** STORED DATA **
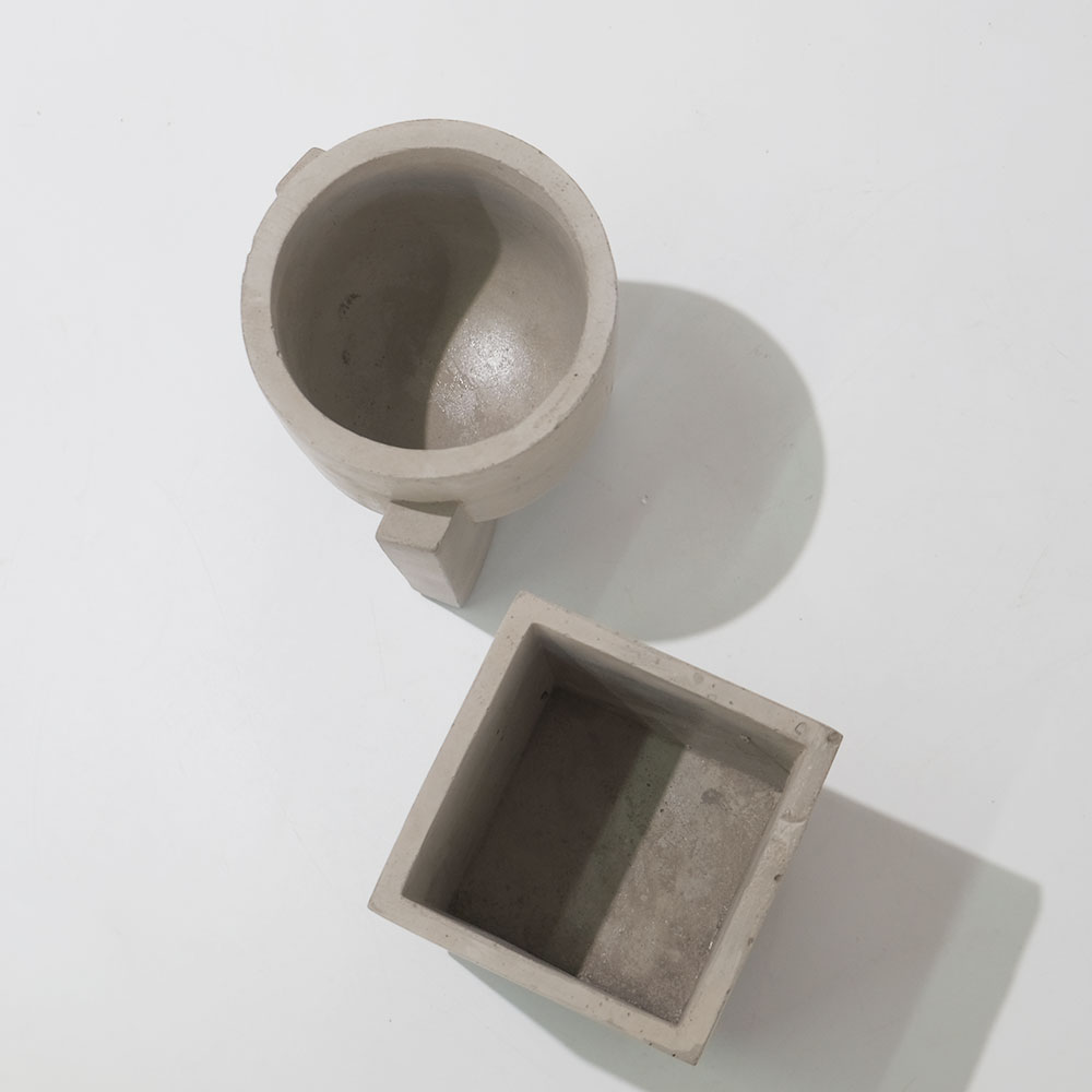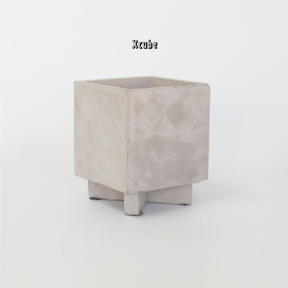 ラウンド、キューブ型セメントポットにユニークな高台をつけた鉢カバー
---
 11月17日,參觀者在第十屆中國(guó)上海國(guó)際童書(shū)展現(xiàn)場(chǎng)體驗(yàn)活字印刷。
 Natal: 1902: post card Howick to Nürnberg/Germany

** WORK ITEM **
The required output is every line above from the one with "11月17日,參觀者在第十屆" down to the one with "Natal: 1902: post", restated word for word, ends included.

** TASK RESPONSE **
 11月17日,參觀者在第十屆中國(guó)上海國(guó)際童書(shū)展現(xiàn)場(chǎng)體驗(yàn)活字印刷。
 Natal: 1902: post card Howick to Nürnberg/Germany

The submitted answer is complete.